Most American companies get that. Some 400 U.S. and other multinational firms have pulled out of Russia, according to Yale’s Jeffrey Sonnenfeld, who has kept the authoritative list. Oil companies (BP, Shell, ExxonMobil) and tech companies (Dell, IBM, Apple, Google, Facebook, Twitter) led the way, and many others (McDonald’s, Starbucks, Coca-Cola) eventually followed.

 

But at the other extreme, 33 companies (as of Wednesday) form a 'hall of shame,' defying demands that they exit Russia or reduce activities there.

'They are funding the Russian war machine, and they are undermining the whole idea of the sanctions,' Sonnenfeld told me. 'The whole idea is to freeze up civil society, to get people out on the streets and outraged. They’re undermining an effective resolution.'

 

Those who want to stop Russia’s murderous attack against Ukraine should stop investing in or buying the products of these companies.

 

Koch Industries, whose owners gave to right-wing causes for years, is now financing Putin’s war. The people who make Brawny paper towels, Dixie cups, Quilted Northern toilet paper, Vanity Fair napkins and Georgia-Pacific lumber are abetting the spilling of Ukrainians’ blood.


Like Reebok shoes? They’re being used to stomp on Ukraine. Authentic Brands Group, which also owns Aeropostale, Eddie Bauer, Brooks Brothers and Nine West, among others, is in the hall of shame.

 

Before you bite into a Cinnabon (or Carvel ice cream, Schlotzsky’s sandwich or Auntie Anne’s pretzel) consider that parent company Focus Brands is taking a bite out of democracy in Ukraine. So is Subway, selling you the All-American Club while refusing to cut loose 446 Russian franchises.

 

Several other household brands — Truvia and Diamond Crystal salt (Cargill), Avon cosmetics (Natura), LG appliances, ASUS laptops, Mission tortillas (Gruma) and Pirelli tires — are produced by companies on the shameful list.

 

Let’s name and shame all the others among the 33: advertising firms BBDO, DDB and Omnicom; accountant Baker Tilly; industrial companies Air Liquide, Air Products, Greif, IPG Photonics, Linde, Mettler Toledo, Nalco and Rockwool; French hotelier Accor and retailers Auchan, Decathlon and Leroy Merlin; German wholesaler Metro; cloud service Cloudflare; International Paper; and Sweden’s Oriflame Cosmetics.

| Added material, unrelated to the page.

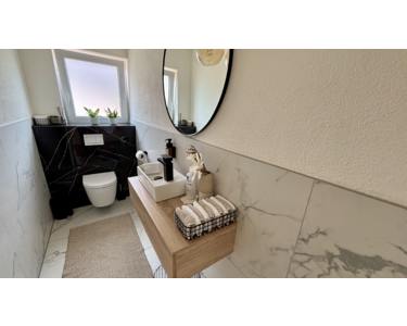 Das Haus wurde im Innenbereich technisch und optisch auf den neuesten Stand gebracht. Im Zuge der umfassenden Sanierung wurden unter anderem die Heizung auf Luftwärmepumpe mit Fußbodenheizung umgebaut, alle Wasser- und Elektroleitungen wurden erneuert, wie auch alle Fenster. Auch der Innenbereich wurde hochwertig modernisiert.

An additional 72 multinationals have made only partial pullbacks from Russia, such as reducing current operations or holding off on new investments — actions Sonnenfeld calls 'smokescreens.' Included here: Dunkin’ Donuts, General Mills, Mondelez (Oreos and other Nabisco products), candymaker Mars, Procter & Gamble, Yum Brands (Pizza Hut, Taco Bell), Hilton, Hyatt and Marriott.

 

All these businesses could be doing more to stop Putin’s savagery and war crimes. Because they won’t, we all should do more to stop them and reward the vast majority of companies that share Zelenskyy’s belief that peace is more important than profit.